Personal injury lawyer Allen McDowell said vaccine makers were victimizing kids, and more than 20 years later, he still says the vaccine makers put money before safety.
"There's no dispute about that. They were making so much money off the old vaccine they didn't really have any incentive to improve it."
McDowell made money too. The lawyer won lots of lawsuits.
"I made -- a good chunk of money," he said.
The vaccine makers did revise the whooping cough vaccine and the new version was approved by the FDA in 1991.
"The old (whooping cough) vaccine was probably our most reactogenic vaccine, which is to say that it had the highest rate of side effects," says Offit. "I mean, it could cause seizures with fever -- although it didn't cause epilepsy, meaning the permanent seizures --[but] it certainly could trigger seizures…it caused pain and tenderness at the site of injection…it caused floppy baby syndrome, a so-called 'hypo-tonic, hypo-response' syndrome. It caused persistent, inconsolable crying. And so, there was always an interest in trying to make that vaccine safer. But the science had to catch up to that."
Those serious side effects were temporary, not the permanent conditions for which lawyers often sued vaccine makers. In fact, comprehensive studies also reviewed by the National Academy of Sciences did not find that the old vaccine caused SIDS or permanent brain damage.
The Benefits of Vaccinations
Lost in this debate is the disease the vaccine prevents.
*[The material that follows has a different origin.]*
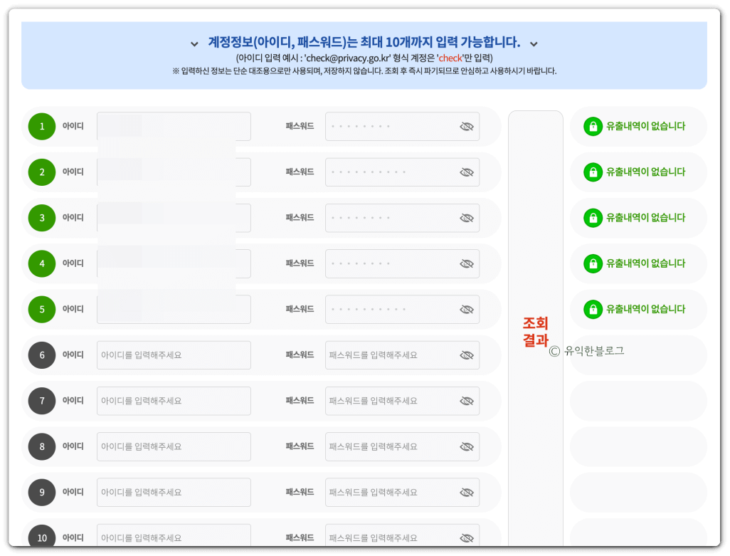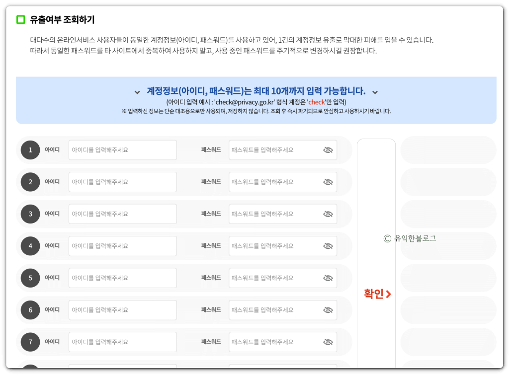 그러면 이렇게 유출여부를 조회할 수 있는 화면이 뜨는데요, 아이디와 패스워드 조합으로 총 10개까지 입력할 수 있습니다.

Whooping cough racks a baby's body with violent fits of coughing. In its most extreme form, it kills. But after "20/20'"s vaccine report, many parents told their doctors, "I'm scared of your vaccine."
I asked Dr. Richard Saphir, my children's pediatrician, what he thought of that program.
"It was certainly alarmist," he said.
In fact, when my daughter Lauren got a fever after one of the vaccines, he decided not to give her the final shot, and a short time afterward, she got whooping cough.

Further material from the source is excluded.